## TASK DETAILS
Please return only the lines from the one with "No lighter? Nothing?" through the final line of the data, unchanged, with pictures omitted.

## SUPPLIED MATERIAL
=== Section Start ===

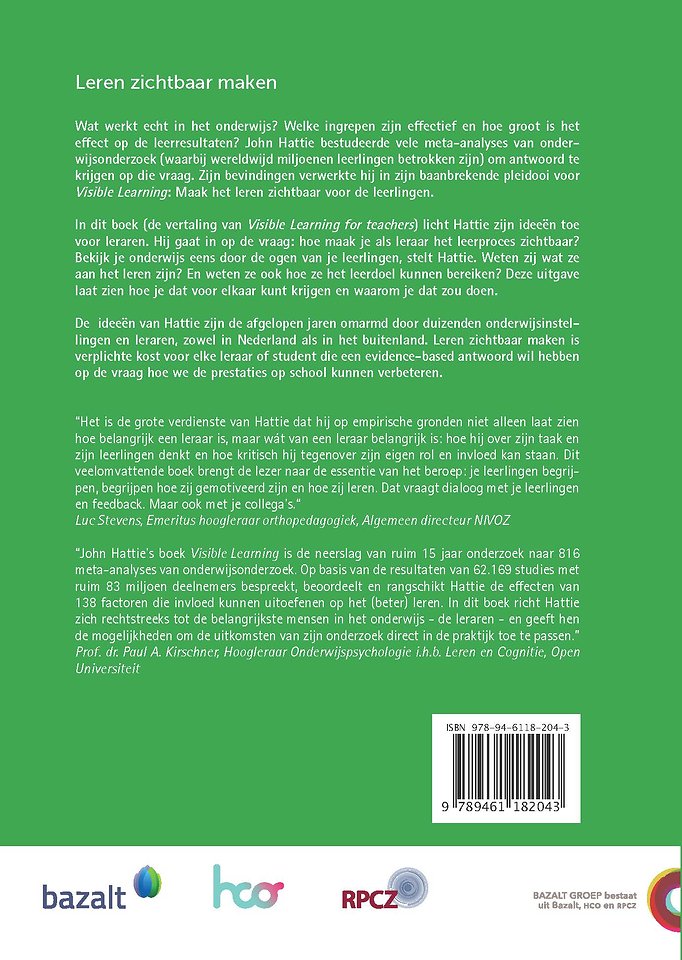 Het baanbrekende boek Visible Learning van John Hattie bevat de resultaten van meer dan vijftien jaar onderzoek waarbij miljoenen leerlingen zijn betrokken. Daarnaast bevat het de grootste verzameling van evidence-based onderzoek over wat feitelijk werkt op school om het leren te verbeteren. Leren zichtbaar maken (Visible Learning for teachers) is de volgende stap. Het maakt die vernieuwende ideeën voor een volledig nieuw publiek toegankelijk. Het is geschreven voor studenten, voor aankomende en al ervaren leraren en het legt uit hoe de principes van Visible Learning in elk klaslokaal, waar ook ter wereld, kunnen worden toegepast. De auteur geeft bondige en goed te begrijpen samenvattingen van de succesvolste methoden en biedt een stap-voor-stapbegeleiding voor een geslaagde invoering van Visible Learning en Visible teaching in de klas. Dit boek:- verbindt het grootste onderzoeksproject ooit van onderwijsstrategieën naar een praktische invoering in het klaslokaal;- komt op voor zowel leraar en leerling perspectief en bevat stap-voor-stapbegeleiding voor lesvoorbereiding, het verklaren van leren en feedback tijdens de les en de follow-up;- biedt checklists, oefeningen, casestudy's en succesvolle praktijkvoorbeelden om resultaten te verbeteren;- bevat checklists voor de hele school en adviezen voor Visible Learning voor schoolleiders;- bevat aanvullende meta-analyses waardoor het totale aantal geciteerde onderzoeken boven de 900 uitstijgt;- bestrijkt op begrijpelijke wijze veel onderwijsonderwerpen, zoals leerlingmotivatie, onderwijsprogramma, meta-cognitieve strategieën, gedrag, instructiestrategieën en klassenmanagement. Leren zichtbaar maken is verplichte kost voor elke student of leraar die een evidence-based antwoord wil hebben op de vraag hoe we de prestaties op school kunnen verbeteren. John Hattie is professor en directeur bij het Melbourne Education Research Institute van de University of Melbourne in Australië en ere-professor aan de University of Auckland in Nieuw-Zeeland. Hij is de auteur van Visible Learning en coauteur van Intelligence and Intelligence Testing.De uitkomsten van Hattie's onderzoek zijn vertaald naar een praktisch model voor scholen, om gericht te werken aan de impact die de school heeft op leerprestaties van leerlingen.
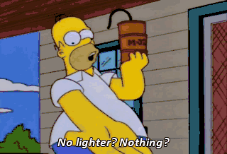 No lighter? Nothing? Oh! Wait. I got it. D'oh!
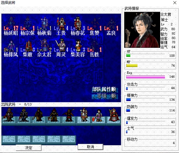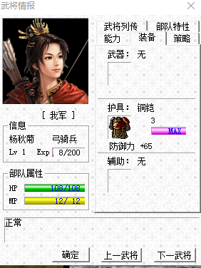 这一关穆桂英可以不上场,我不选她了,她等级太高。另外我试了一下杨宗保单独一个人打不完,就选择了杨宗保和杨宗源分别从上门和下门杀出,两个人一起打。另外出场顺序的2号(固定岳胜)、6号、10号是守前门的,那么我选了杨秋菊和柴敢,穿了1级铁铠和1级战斗服,随便打。
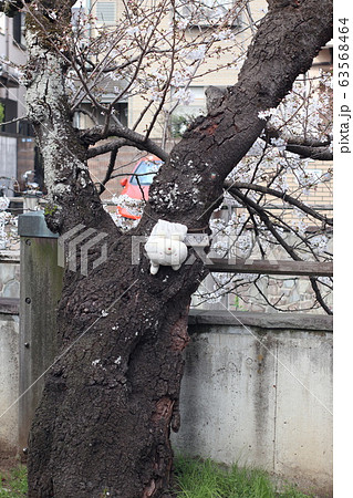 桜の木に括り付けられたうさぎのぬいぐるみ

=== Section End ===

## SOLUTION FOR THIS EXERCISE
 No lighter? Nothing? Oh! Wait. I got it. D'oh!
 这一关穆桂英可以不上场,我不选她了,她等级太高。另外我试了一下杨宗保单独一个人打不完,就选择了杨宗保和杨宗源分别从上门和下门杀出,两个人一起打。另外出场顺序的2号(固定岳胜)、6号、10号是守前门的,那么我选了杨秋菊和柴敢,穿了1级铁铠和1级战斗服,随便打。
 桜の木に括り付けられたうさぎのぬいぐるみ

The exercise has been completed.